La présence du virus se fait aussi sentir dans les camps de vacances du Québec. Trois ont fermé temporairement leurs portes et renvoyé les enfants à la maison parce qu’il n’était pas possible de remplacer les animateurs placés en isolement.

« Souvent, nous sommes capables de circonscrire l’éclosion, mais ce n’est pas possible de remplacer les animateurs », mentionne Anne-Frédérique Morin, directrice générale adjointe de l’Association des camps du Québec (ACQ), qui ajoute que le contexte actuel de pénurie de main-d’oeuvre n’aide pas. Elle insiste sur le fait que l’ACQ veut « agir tôt dans l’été pour ne pas impacter les futures semaines », et c’est dans cet esprit que l’association a rencontré l’équipe du directeur national de santé publique du Québec, le Dr Boileau, mardi en début d’après-midi.

Plusieurs options seront envisagées par la Santé publique, comme réintroduire les tests PCR effectués à l’arrivée au camp de vacances, comme c’était le cas l’année dernière. Elle envisage également d’augmenter l’approvisionnement en tests rapides, de modifier l’arbre décisionnel pour la gestion des cas, de fournir un accompagnement des santés publiques régionales auprès des camps et d’imposer le retour du port du masque dans certains contextes, notamment pour les animateurs.

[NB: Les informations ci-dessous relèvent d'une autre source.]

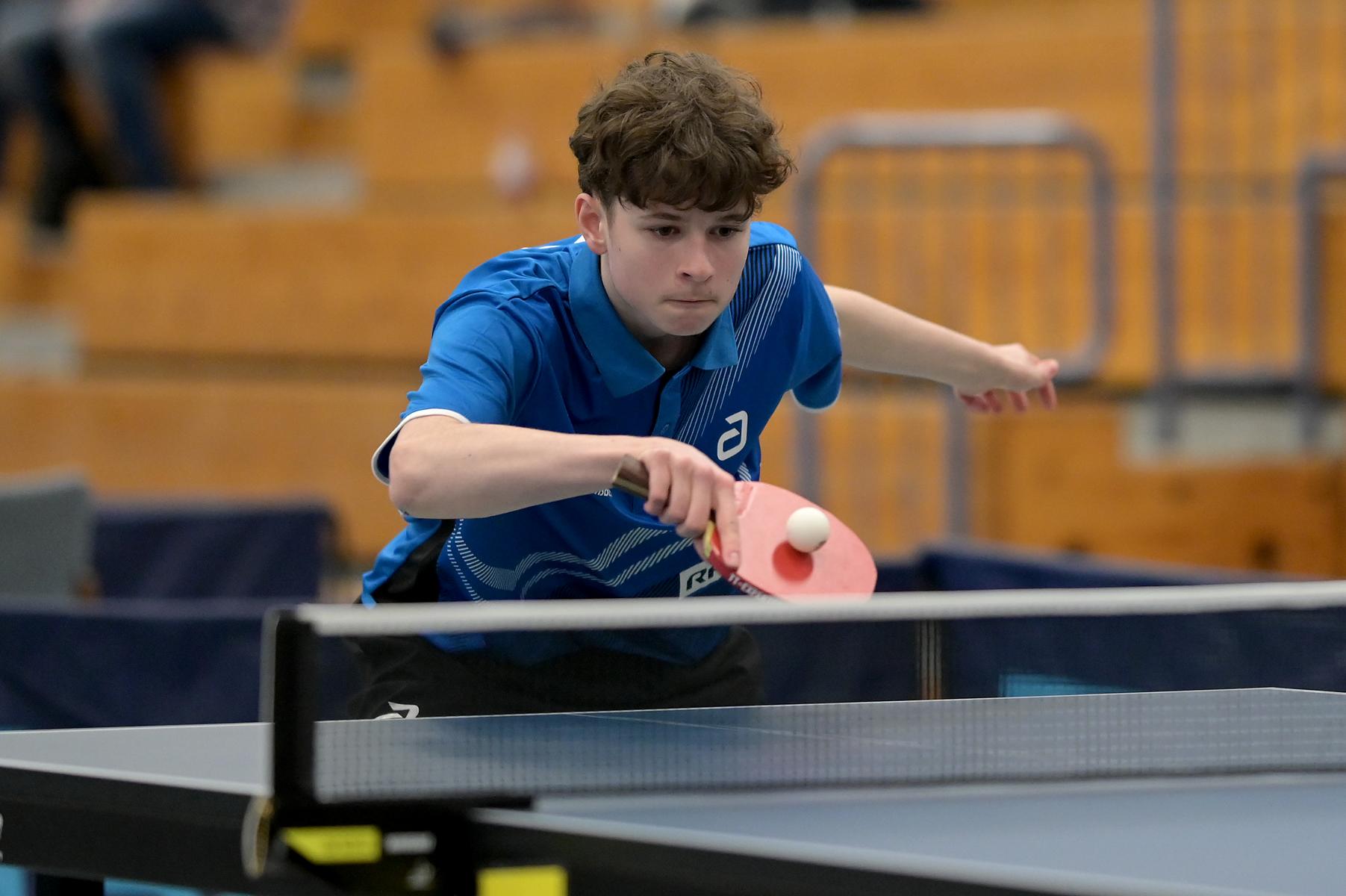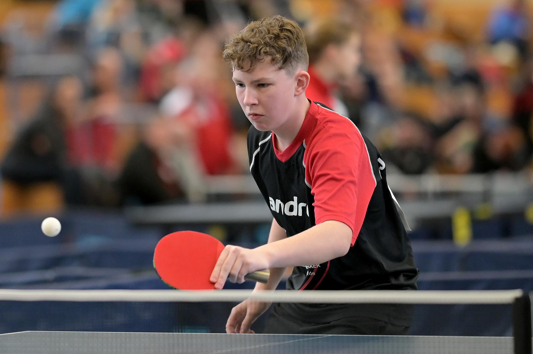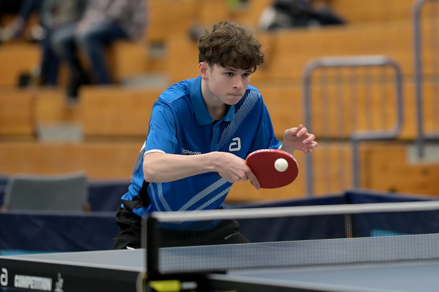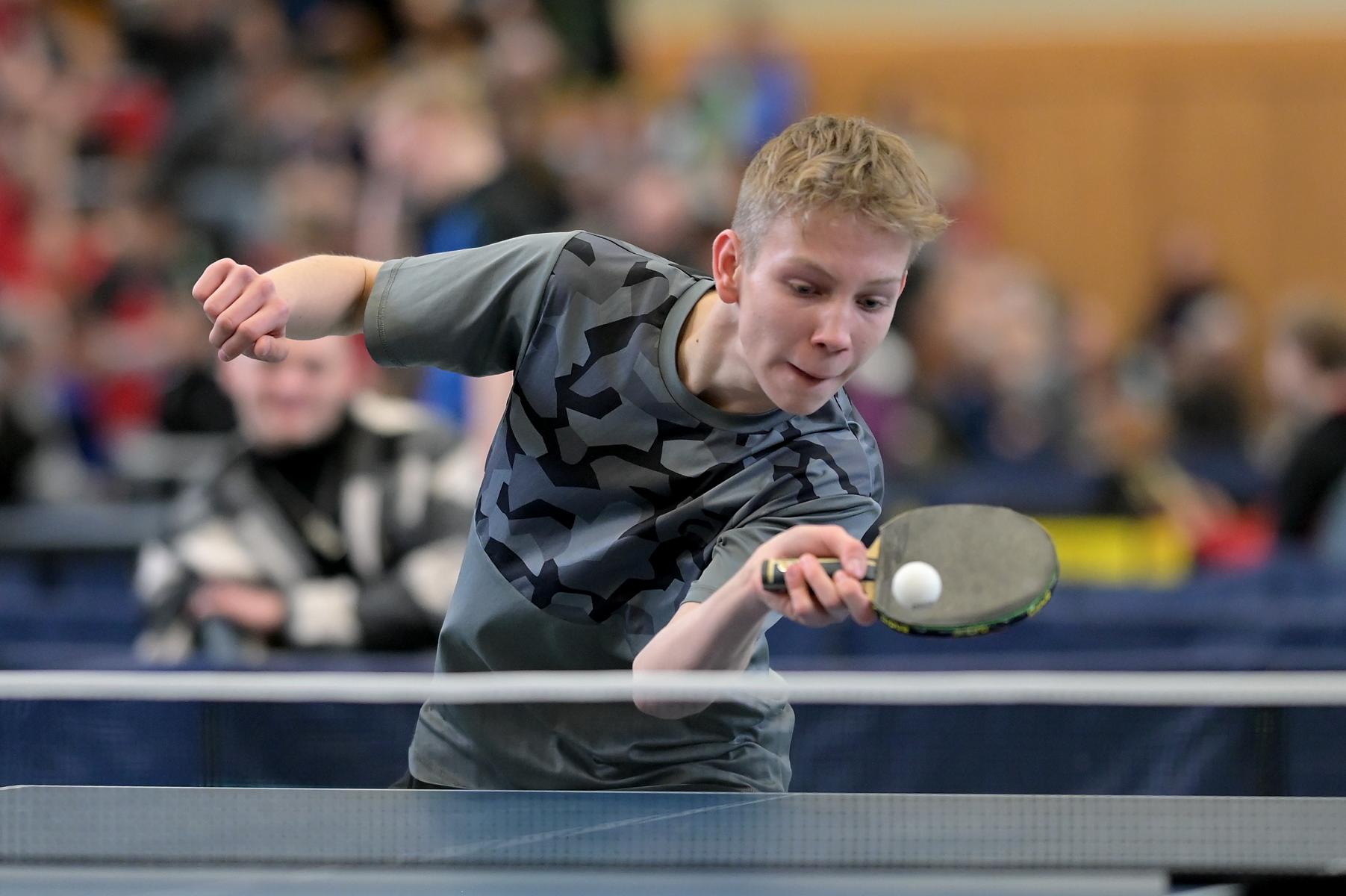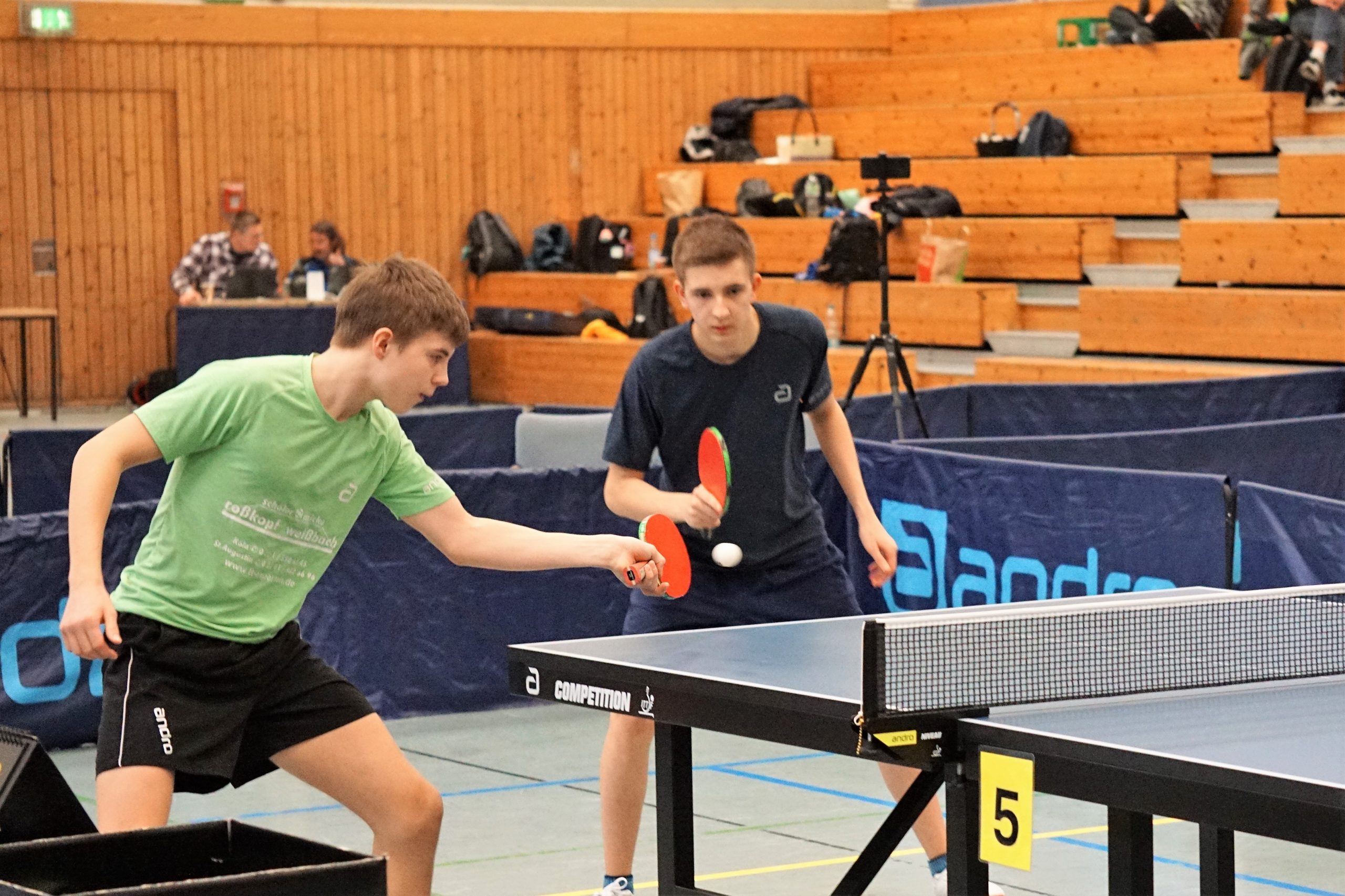 Ähnlich wie bei den Mädchen, wollte sich dann auch Friedrich, an der Seite von Nico Thönnissen, den Doppelerfolg holen. Doch sie trafen im Finale mit Adrian Gossow und Johann Mahl auf ein sehr gute links-rechts Kombination. Adrian und Johann waren von Beginn an hellwach und konnten sich eine 2:0-Führung erspielen. Doch dann fanden Friedrich und Nico immer bessere Lösungen und konnten sich ins Spiel zurück kämpfen und auf 2:2 ausgleichen. Der letzte Satz musste also die Entscheidung bringen. Hier spielten Adrian und Johann wieder sehr stark auf und holten sich diesen mit 11:3.

« On veut s’assurer que les mesures sont assez serrées pour empêcher le virus d’entrer dans les camps », souligne Anne-Frédérique Morin. L’ACQ n’est pas en mesure de dire le nombre d’éclosions dans les camps, mais elle s’active à dresser un portrait de la situation de la COVID-19 auprès de ses membres, dont certains éléments « pertinents pour la population générale » seront par la suite diffusés.

Selon le MSSS, les milieux comme les camps de vacances ne sont pas plus touchés que d’autres, mais « reflètent l’augmentation de la transmission communautaire qu’on voit partout », dit Marie-Claude Lacasse, coordonnatrice aux relations avec les médias.

 

Pas de hausse « majeure »

Lors d’un point de presse mardi sur un autre sujet, François Legault a affirmé que la Santé publique ne s’attendait pas à une hausse du nombre de cas susceptible de causer des problèmes dans les hôpitaux, la belle saison aidant.

Le premier ministre a tout de même appelé la population à être prudente. « Nous faisons en sorte d’être prêts pour septembre, parce qu’à la rentrée, nous devrions voir une montée importante des cas », a-t-il dit en faisant allusion à la campagne de vaccination qui débutera en août.

Il est nécessaire d’informer la population du niveau de transmission de la COVID-19 afin de mieux vivre avec le virus, soutient Nathalie Grandvaux, chercheuse au centre de recherche du CHUM sur les infections virales respiratoires. « Il faut donner de l’information pour que les gens puissent adapter leurs mesures de précaution en fonction du niveau de risque », dit-elle.

La semaine dernière, le directeur national de santé publique, le Dr Luc Boileau, a invité les personnes à risque de développer une forme grave de la COVID-19 à « reprendre le masque » dans les endroits bondés, comme les festivals.

La plupart des grands festivals québécois affichent déjà complet.